All these measures, of which there are many more, the ingenuity of the operators is really inexhaustible, are ultimately completely ineffective because the dynamics of interest and returns are so enormous that even a single cent becomes unaffordable over time.
This is the inner defect of capitalism that we must finally acknowledge. The main reason why my statistics have always been correct over the years is that I always fully included this defect and its effects in my calculations and did not indulge in various fantasies like others.

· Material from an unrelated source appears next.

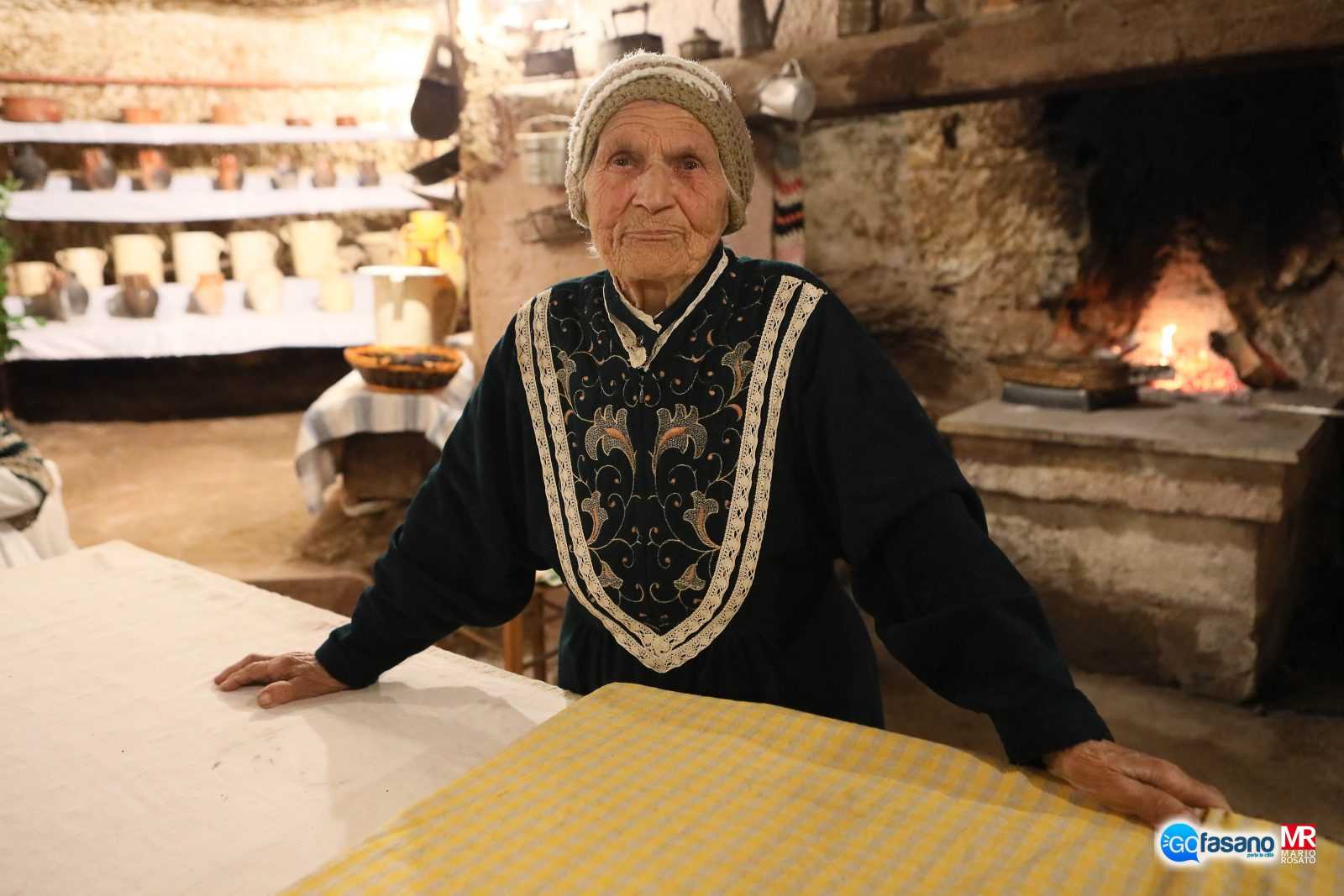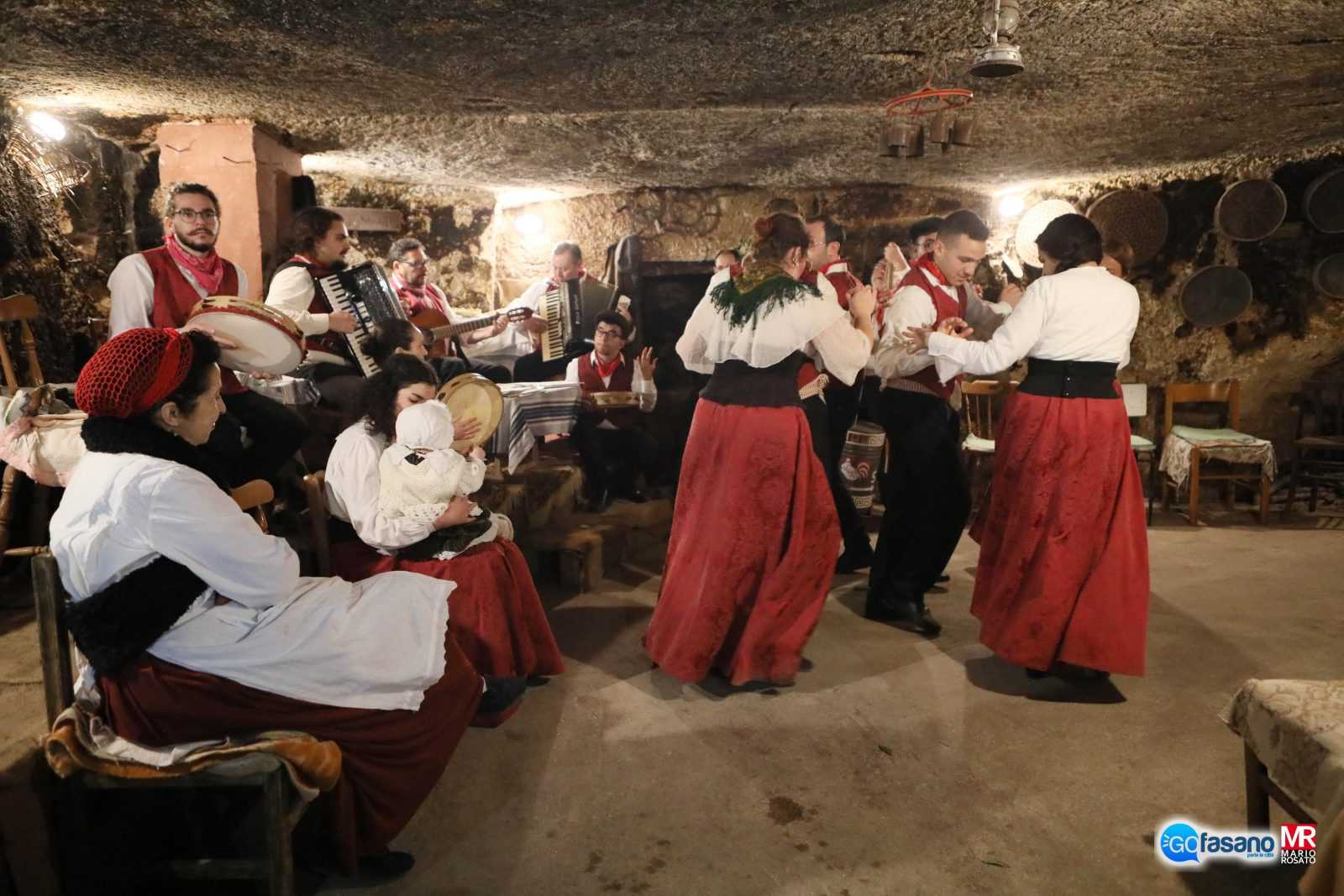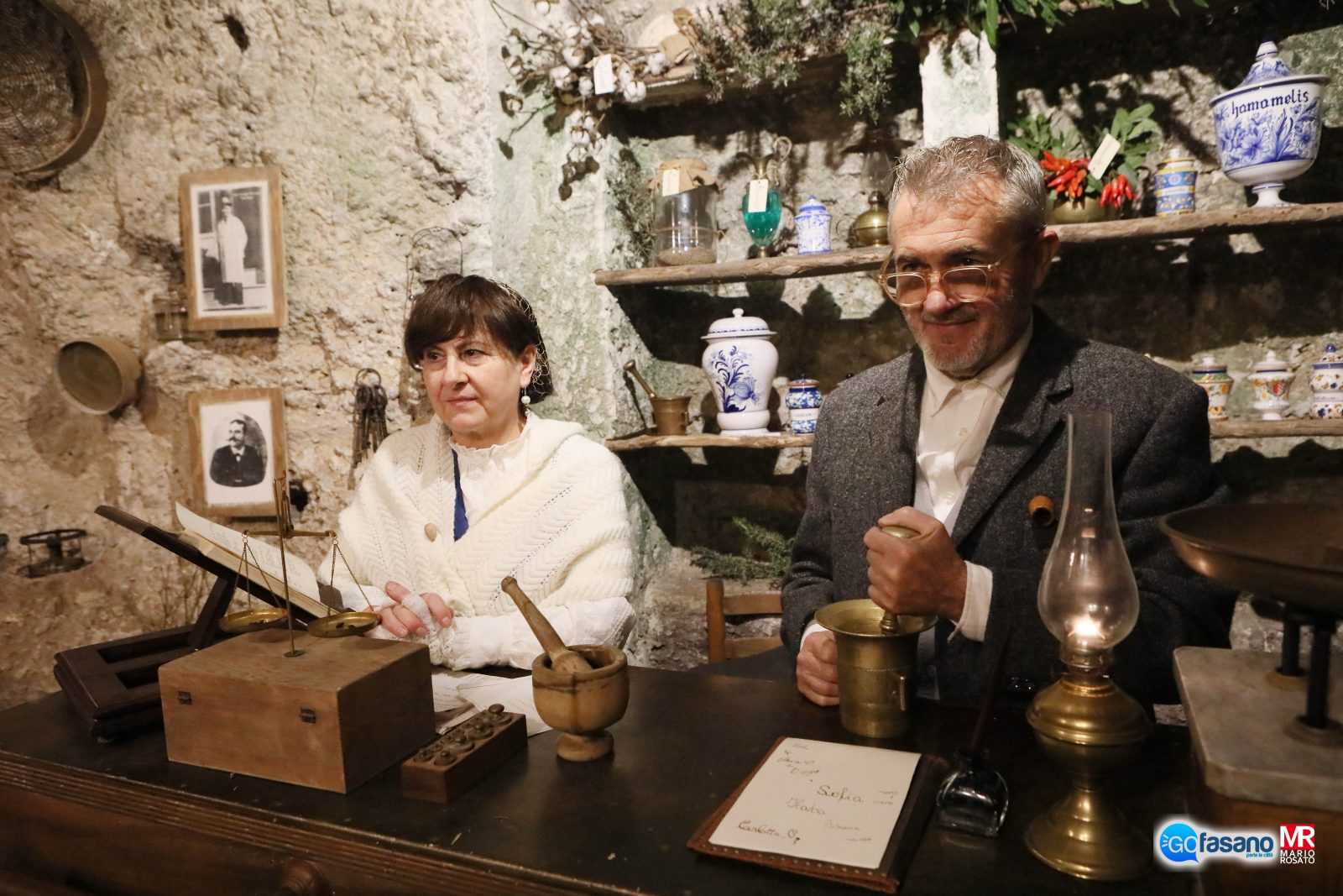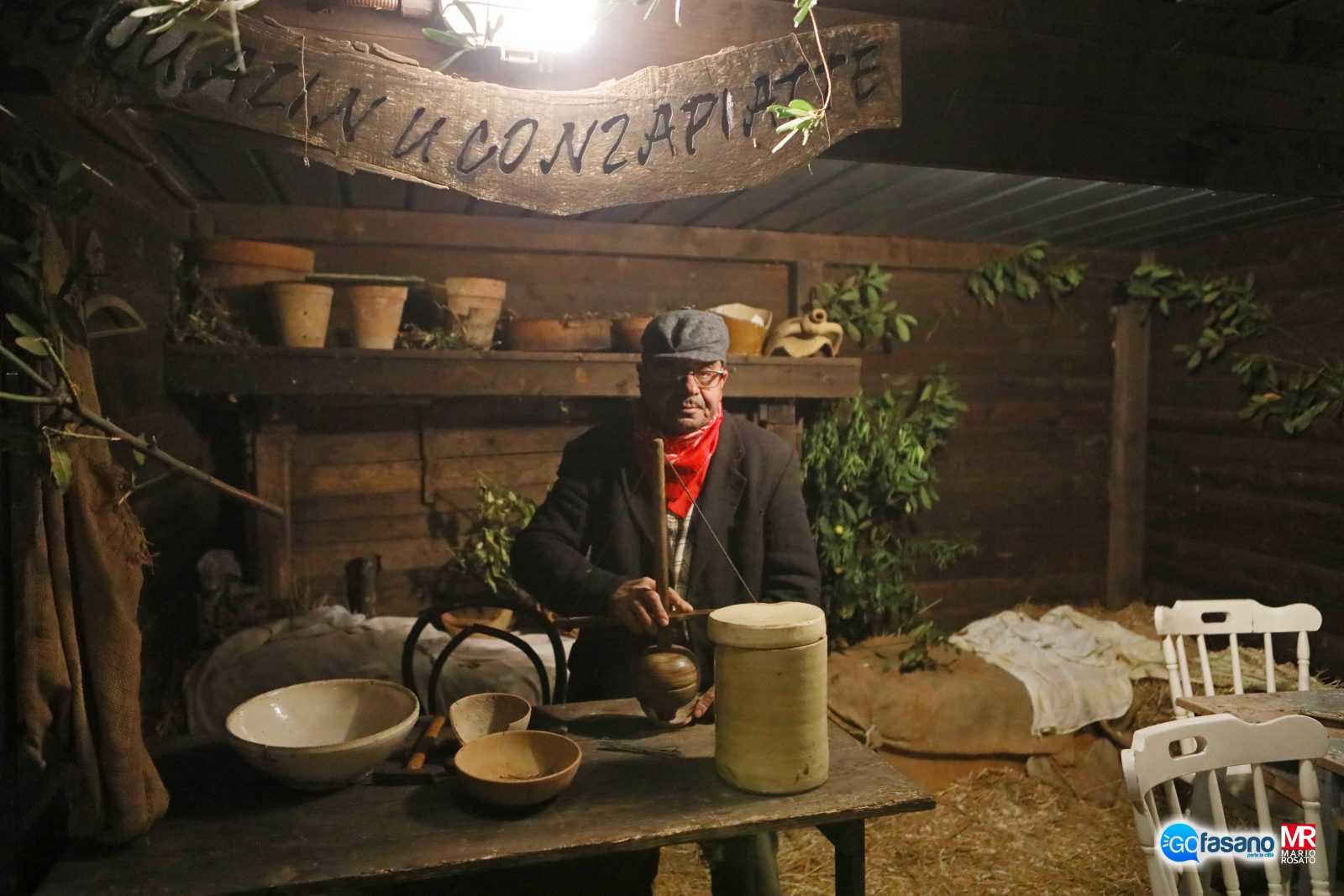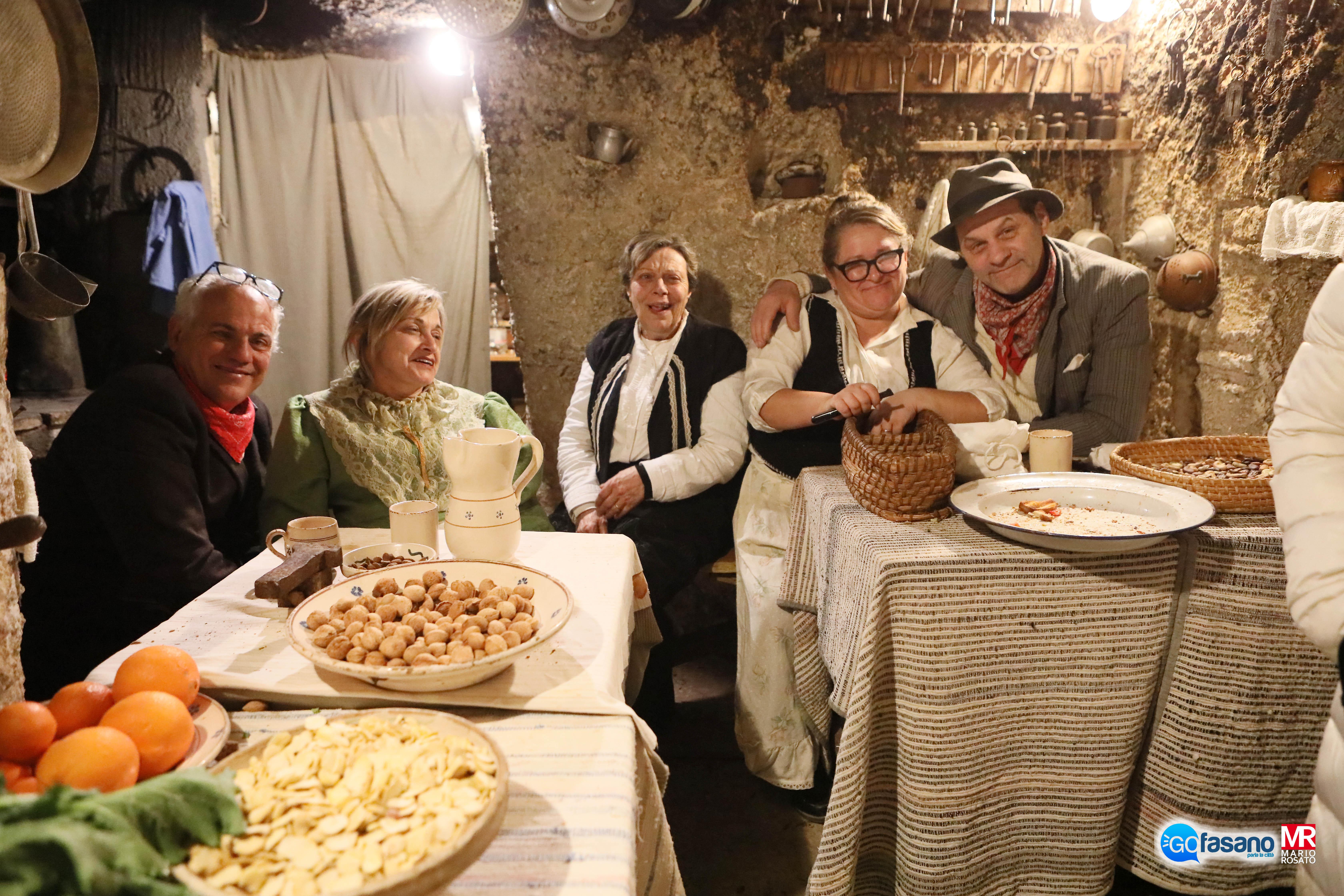 Ogni grotta corrisponde a un anfratto abitativo. In totale sono state 23 le postazioni allestite nelle varie grotte: dagli stazzi degli animali, alla nòria (che serviva per attingere acqua dalla falda sotterranea), al fabbro, al massaro, al maniscalco, alla tufaia e al bivacco dei viandanti, alla grotta dei canti e balli, a quella delle pettole, a quella dello speziale, del miele e dei dolci, al rattoppa creta, alla carbonaia, al molino con la filatura del pomodoro Regina di Torre Canne, alla grotta dei balocchi e alla taverna, all’aia, al trappeto (frantoio) ipogeo, alla bottega, al forno, alla grotta del casaro, a quella della lavorazione del cotone, della lana, al ricovero dei pastori e alla grotta del falegname e per concludere alla grotta della natività.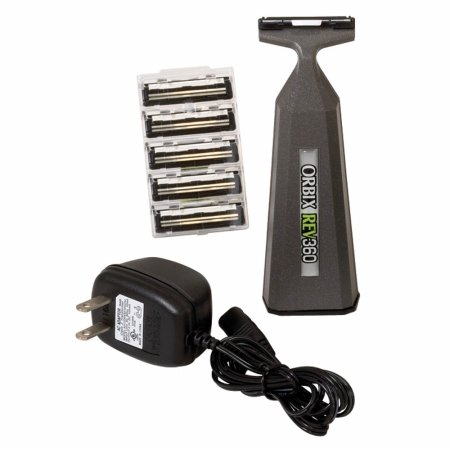 Finally you can dramatically improve your shave with the new Orbix REV360 razor. The REV360 razor utilizes a unique oscillating elliptical motion that is delivered directly to the head of the razor. This technology was developed by a former NASA engineer over a 5-year period. The secret is in the use of high quality motors circuits and state-of-the-art battery technology. The NiMH battery has no memory limitations and is rated to last more than 15 years in our razor. This is a great feature considering the incredible amount of disposable batteries going into our landfills and reservoirs. The REV360 is the world's first and only rechargeable elliptical razor. It utilizes a simple yet affordable quot;Easy Rinsequot; twin blade cartridge that outperforms the most expensive 3 4 and 5 bladed systems. The powerful elliptical motion causes the blades to literally float over the skin eliminating the most common causes of nicks cuts bumps and irritation while delivering an incredibly smooth shave. The REV360 is engineered to utilize any affordable Trac ll type blade cartridge; however the Orbix quot;Easy Rinsequot; twin blade cartridges are superior in quality and cost approximately 40% less than the Gillette brand. The result of this technology is a smooth and comfortable nick cut bump and irritation free shave that any man will appreciate. The smooth floating action of the head allows the razor to cut the hairs without affecting skin irregularities such as keloids acne and shaving bumps caused by ingrown hair also known as (PFB's). Check out the blogs and user groups on the internet there are hundreds if not thousands of them. You will find that the big boys have yet to solve the most common yet simple shaving problems afflicting mankind. We believe the Orbix REV360 has! The REV360 is the best kept secret in the shaving industry. We put our money where our mouth is. Try the Orbix REV360 razor for 30 days. If you are not completely satisfied with yOrbix International OREV360PE REV360 Razor - Pewter

You can only exploit this imbalance as long as it runs and hold it at life it as much as possible. Raising and lowering the key interest rate is not a solution either, it only means that poorer people who want to save a small safety cushion can no longer do so. These, as well as pensioners, for example, are being pushed into the stock exchanges and thus contribute to uninhibited economic production. Ultra-loose monetary policy is only fueling more debt and central bank bond purchases are fueling inflation. The whole system was hit so hard again in 2019 that there was no year-end rally. The smallest disruption in such a phase immediately leads to galloping inflation. First in Turkey, then in almost all southern European countries and finally also in Germany and the USA. The war in the Ukraine is of course contributing to the rapid loss of purchasing power in Europe, especially since everyone is now trying to raise their prices quickly in order to be able to cash in properly in advance. This new, relatively large war is ultimately just also a consequence of capitalism and will contribute significantly to the surface warming of the earth. The signs of war was starting between the USA and China when Donald Trump was President, because an economi war are the first signs. Although the eastward enlargement of NATO could hardly be avoided, because the Eastern European countries were dying to escape the social dictatorship of the Soviet Union and to be integrated into the wonderful consumption of the West, it was fundamentally wrong, but makes it clear once again that with capitalism war is also inevitable, because the arms dealers always want a piece of the pie and usually not a small one. It is wrong to name the war as the culprit for the economic problems, because there is currently no war in the USA, but a blatant economic and social imbalance, even before the corona virus.
Ultimately, with all our supposed successes, we have born up a very bad thing that will eventually hit us like the dragon's tail at the end. Here the full force of our violent and anti-social mismanagement is revealed.
We're obviously making mistake after mistake trying to run a system that can't possibly work. The biggest mistake, however, was probably trying to compensate for economic growth through overproduction and mass consumption via advertising. The end result is surface warming that will threaten all of our survival on the planet. The graph above is intended to illustrate how the increased economic growth affects the surface warming of the earth. I developed this graph from the social, environmental and economic reports of the countries and the new environmental report of the IPCC from 2021 as well as the calculations and forecasts about the economic growth of various banks. When the two characteristic curves were put together, there was a frightening correlation that leaves no hope for improvement. This calculation suggests that surface warming will take on a momentum of its own by 2050 that can no longer be stopped. Well, ultimately this is also to be seen in the context of certain commandments. How was that again? Overindulge is a mortal sin? We could argue about matters of faith here, but we can't help but admit that this rule was created for good reason. And that now that we clearly see cause and effect, it's pretty anti-social to just keep going and postpone the right measures until later when our children have to deal with what we, in almost 200 years, have done.